Fast Cars and The Fall, Goldmine - October 2005

Another recent rediscovery across the ocean has been the rich history of the Deeply Vale festival, a mid-late 1970s institution that might never have eclipsed the likes of Reading in the public eye, but which nevertheless brought some astounding talents to an unsung corner of the country – in this case, a field on the outskirts of the northern town of Rochdale. Now this remarkable archive is coming to the fore, courtesy of the Ozit label – a few months back, we saw a 2CD Steve Hillage live set; this month, Fast Cars and the Fall emerge from the vault.

The Fast Cars’ 'Who Loves Jimmy Anderton?' is a reminder of a band that, for many years, was considered a mere footnote in the annals of punk, just another group of never-weres that formed in the fiery excitement of the late Seventies UK. They gamely trotted around their hometown, released a few singles, and then disappeared back into obscurity, from whence they were duly installed as the object of a later generation of Japanese collectors’ desires, for the very scarcity of their records.

Those spiraling prices would eventually prompt Fast Cars to reform and take to the road once more.

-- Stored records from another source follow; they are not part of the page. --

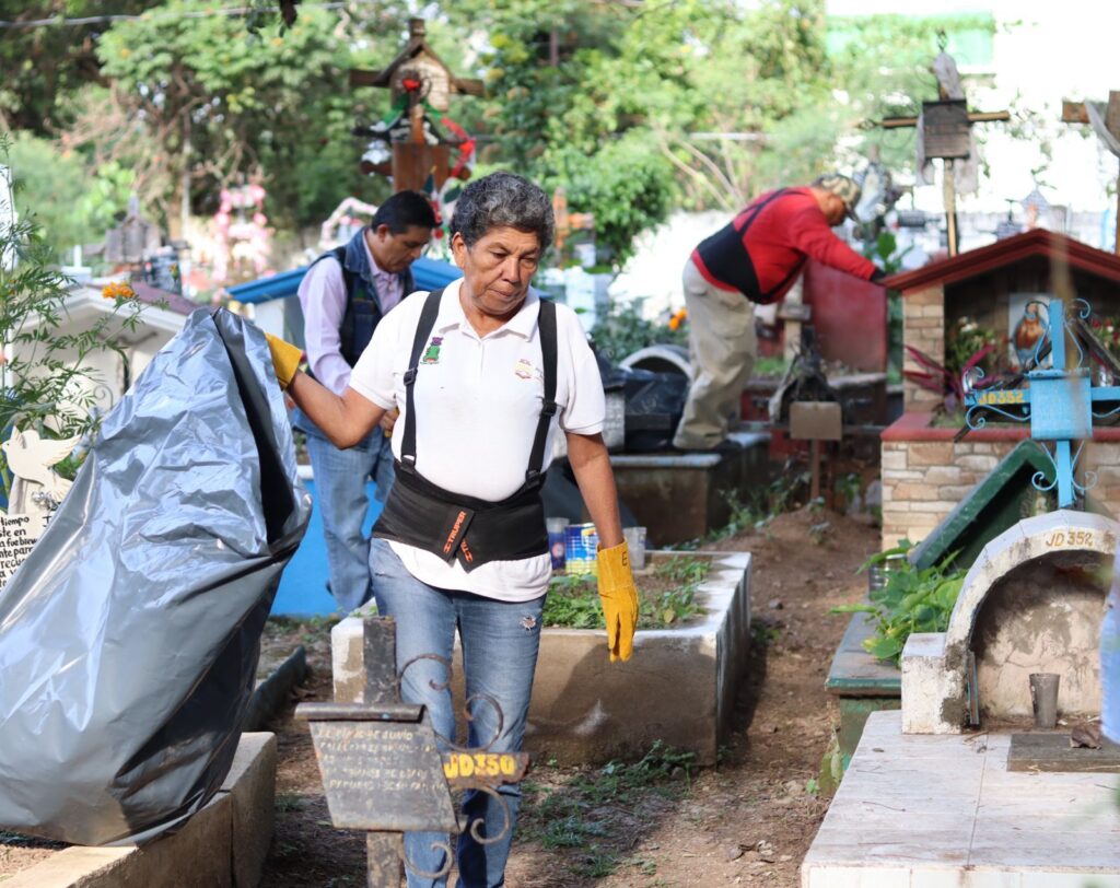 El alcalde Rafael Reyes realizó, la mañana de este martes, un recorrido por el panteón de la colonia Centro para supervisar los trabajos de limpieza y descacharrización que se llevan a cabo en los nueve cementerios del municipio, con el objetivo de tenerlos en las mejores condiciones para el próximo Día de Muertos (1 y 2 de noviembre).
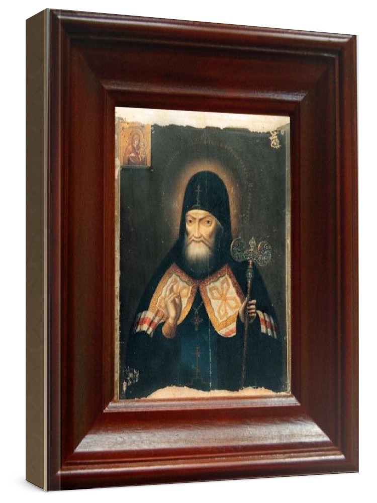 Икона митрофан воронежский (21х24), простой киот. Лик нанесен методом шелкографии на цельную липовую доску, покрытую левкасом (специальным грунтом под живопись). Использованы минеральные (природные) краски. Размер иконы без киота (см): 13х16, с киотом: 21х24. Киот (рамка) выполнен из березы. Икона освящена.
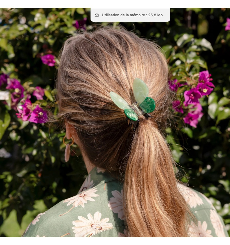 Ce papillon vert vif, aussi mignon qu’un vrai mais carrément plus pratique, vient agrémenter votre look avec une pincée de fantaisie printanière. Parfait pour dompter les mèches rebelles, illuminer un chignon ou donner l’illusion que vous êtes littéralement en connexion avec la nature (sans boue ni moustiques, on rassure).
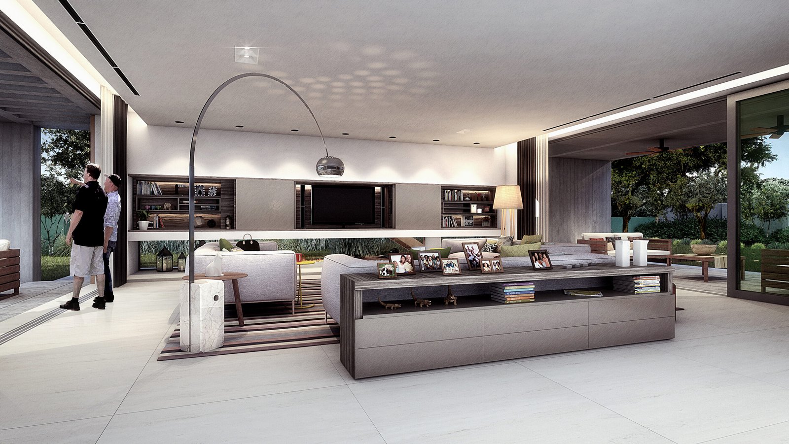 Ingeniería Eléctrica y Señales Débiles para vivienda unifamiliar desarrollada en dos plantas, con áreas públicas y recreativas áreas en planta baja e íntimas en planta alta.
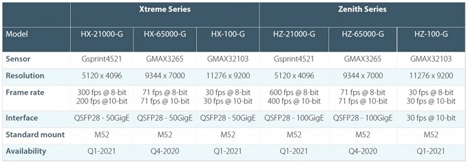 HX-21000-G 및 HZ-21000-G는 Gpixel의 21MP인 Gsprint4521 센서를 탑재하여 풀해상도 5120 x 4096에서 50GigE 모델의 경우 최대 300fps, 100GigE 모델의 경우 최대 600fps를 얻을 수 있다. HX-100-G와 HZ-100-G는 모두 103.7MP GMAX32103 CMOS 센서를 사용하고 풀해상도 11276 x 9200, 8bit 모드에서 초당 30 프레임을 얻는다. 103.7MP 모델은 2021 년 1분기에 출시될 예정이다.
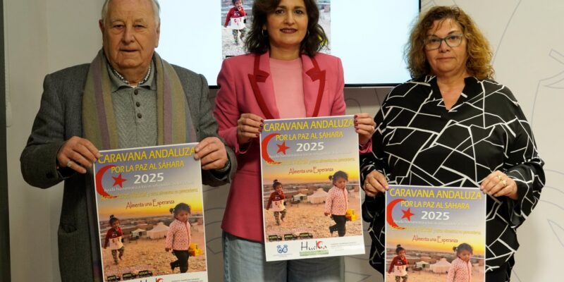 La Diputación de Huelva y la Federación de Asociaciones Solidarias con el Sáhara de Huelva han presentado la ‘Caravana por la Paz 2025’, campaña destinada a la recogida de ayuda humanitaria para los campamentos de refugiados en Tindouf (Argelia). La diputada de Asuntos Sociales, Carmen Díaz, y los representantes de la Federación han hecho un llamamiento a la solidaridad de toda la provincia de Huelva, que cada año hace posible reunir toneladas de alimentos y material humanitario.
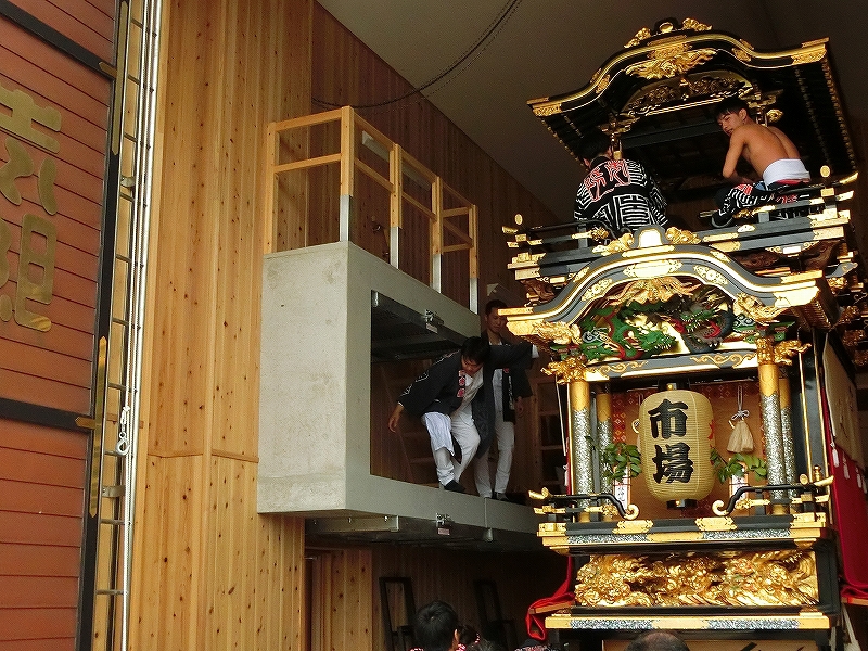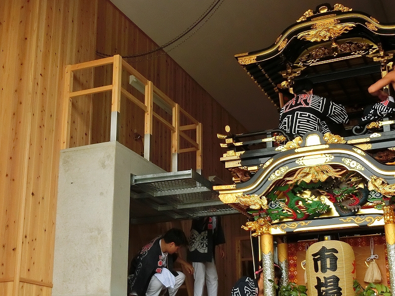 スライドさせるとさらに足場が飛び出し、山車とのやり取りが容易になります。

This album, however, captures them in their 1979 heyday, playing before an enthusiastic crowd at Deeply Vale and, though the sound is acceptable and the mix is middling, the Fasties themselves are in fine form, storming through an incendiary 11 song set, and though it does all sound a bit crash, bang, wallop, the band’s hooks still manage to shine through.

The Fall’s 'Live At Deeply Vale', too, suffers somewhat from the sound quality, but that does not detract from the sheer historical importance of the set, one of the few live recordings to survive from this early period in the band’s history. The band’s antecedents are as clear as they would ever be - the rage of The Stooges, the repetitive drone of The Velvet Underground, the dark cacophony of Siouxsie & the Banshees, and occasionally twisting through the buzzsaw pop of the Buzzcocks, all delivered up in a blaze of beats, a thrump of bass, a blizzard of guitar, and an angry swirl of keyboards.

Punk fire, Gothic gloom, and with a wondrously ramshackle approach to song structure, The Fall weren’t entirely alone in their musical vision, but still conjured up a sound so unique it enthralled millions for decades to come. Thus, even with all its flaws, this album is a worthy monument to their fiery beginnings.